PROVIDED MATERIAL
···
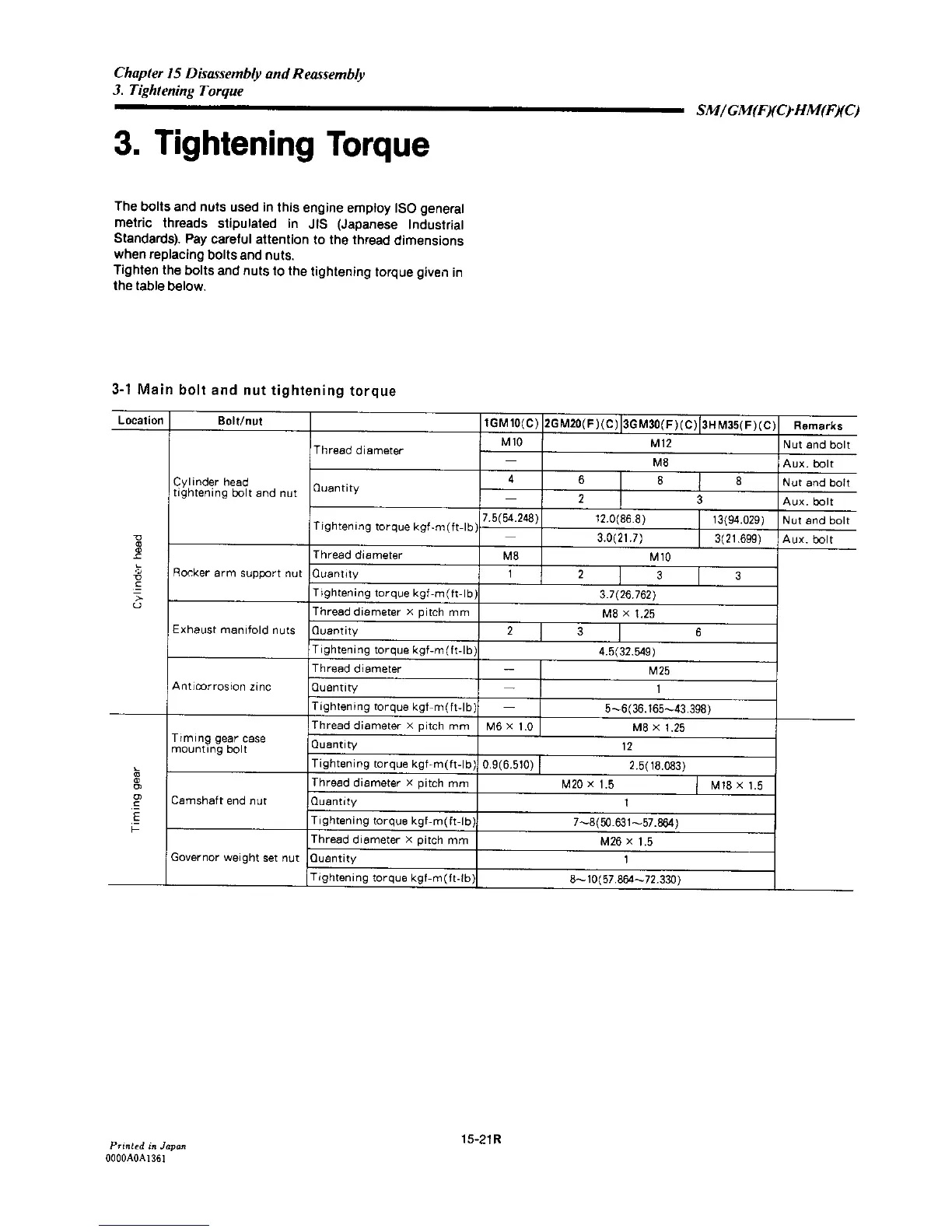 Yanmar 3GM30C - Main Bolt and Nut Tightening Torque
···
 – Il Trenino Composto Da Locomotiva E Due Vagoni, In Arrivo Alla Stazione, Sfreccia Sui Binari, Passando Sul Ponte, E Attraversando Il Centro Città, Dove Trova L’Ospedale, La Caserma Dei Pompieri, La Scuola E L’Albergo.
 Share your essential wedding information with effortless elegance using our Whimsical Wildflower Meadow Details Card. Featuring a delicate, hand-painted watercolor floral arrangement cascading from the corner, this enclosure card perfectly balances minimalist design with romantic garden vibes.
···
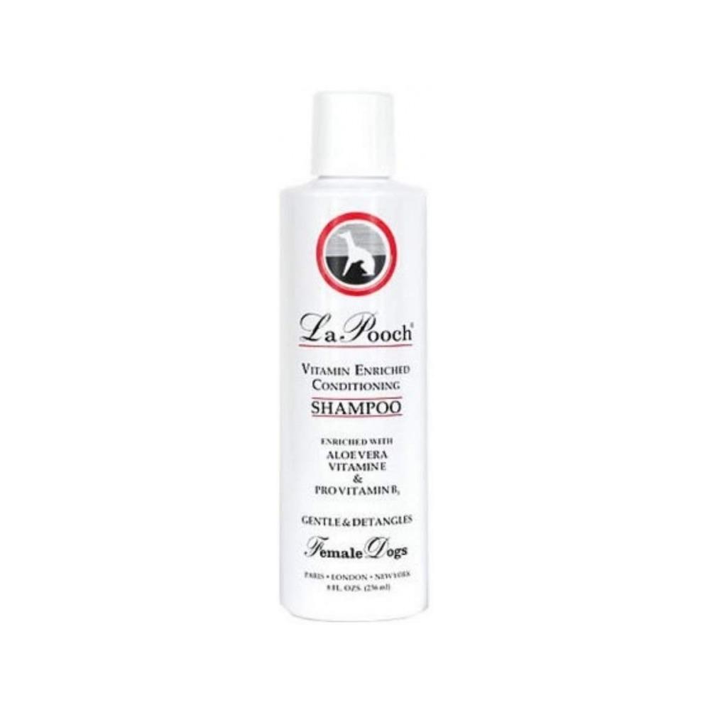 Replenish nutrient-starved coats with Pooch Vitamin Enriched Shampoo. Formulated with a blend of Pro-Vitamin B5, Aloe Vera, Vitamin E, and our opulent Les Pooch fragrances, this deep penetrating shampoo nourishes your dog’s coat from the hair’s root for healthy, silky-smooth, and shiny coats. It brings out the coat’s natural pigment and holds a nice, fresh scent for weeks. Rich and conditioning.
···
PROBLEM
Take from the material above the lines running from the one with "Scuola E L’Albergo." through the one with "Share your essential", and repeat them exactly, with nothing else.

ANSWER SPACE
 – Il Trenino Composto Da Locomotiva E Due Vagoni, In Arrivo Alla Stazione, Sfreccia Sui Binari, Passando Sul Ponte, E Attraversando Il Centro Città, Dove Trova L’Ospedale, La Caserma Dei Pompieri, La Scuola E L’Albergo.
 Share your essential wedding information with effortless elegance using our Whimsical Wildflower Meadow Details Card. Featuring a delicate, hand-painted watercolor floral arrangement cascading from the corner, this enclosure card perfectly balances minimalist design with romantic garden vibes.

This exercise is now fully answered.